The number of malicious cryptocurrency mining attacks increased nearly 85% this year, finds the latest annual security bulletin from cyber vendor Kaspersky Lab.
That’s based on the number of attacks reported by users of Kaspersky’s own software. For the first 3 quarters of this year, 5 million users of Kaspersky security software were attacked by malicious cryptocurrency mining, up from 2.7 million users who were attacked in the first three quarters of last year. Here's the data in a graphic, courtesy of Kaspersky:
Miners infect devices mainly by duping users into installing pirated software, hacked games and unlicensed content, Kaspersky finds.
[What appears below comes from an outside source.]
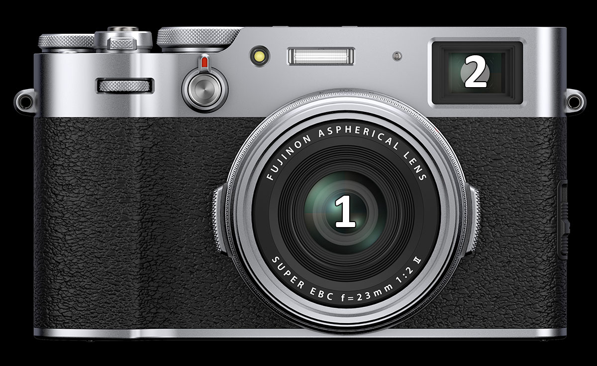 1 – L'obiettivo è una delle novità di questa quinta generazione. Invariata la focale di 23mm (35mm equivalenti), apertura massima (f/2) e persino schema ottico, che però comprende ora un elemento asferico extra. I convertitori grandangolari nati per le generazioni precedenti sono compatibili anche con la X100V.

Mining, if executed properly, can be extremely difficult to detect, making it that much more dangerous. It can take some time before a user notices that their CPU is busy generating virtual coins.
“The easier it is to distribute unlicensed software, the more incidents of malicious crypto-miner activities were detected,” says Evgeny Lopatin, a Kaspersky security expert.
Monero at risk
Other key points in the Kaspersky report:
> Remember USB thumb drives? They are still a common way for cryptocurrency mining attacks to spread.
> The most common coin among all illegally mined cryptocurrencies is Monero. That’s due to its anonymous algorithm, relatively high market value, and ease of sale — it’s accepted by most crypto exchanges. An estimated $175 million worth of Monero has been mined illegally, roughly 5% of all in circulation.
> Mining activity picks up when the value of cryptocurrencies rise, and drops off when their value falls. Apparently, criminals watch the market!
> Worst counties for cryptocurrency mining attacks in 2018? They are Kazakhstan, Vietnam, Indonesia, Ukraine and Russia. At the other end of the scale, the countries suffering the fewest number of attacks this year were the United States, Switzerland and the U.K.
What to do?
If you or your customers use cryptocurrency, Kaspersky has some advice on how to stay safe from mining attacks:
> Keep all software up-to-date. That means always installing software updates when prompted. Even better, automate the process with tools that can detect vulnerabilities, then download and install patches.
> Don’t forget about non-PC systems such a point-of-sale terminals, queue management systems, even vending machines. They can be hijacked to mine cryptocurrency.
> Educate your customers and employees. Tell them how to watch for mining attacks, and reinforce the need to keep sensitive data protected and secure.
Here’s one more: Don’t install any pirated software!
Compared with the highly regulated world of financial services, cryptocurrency is still the wild west. Stay safe out there.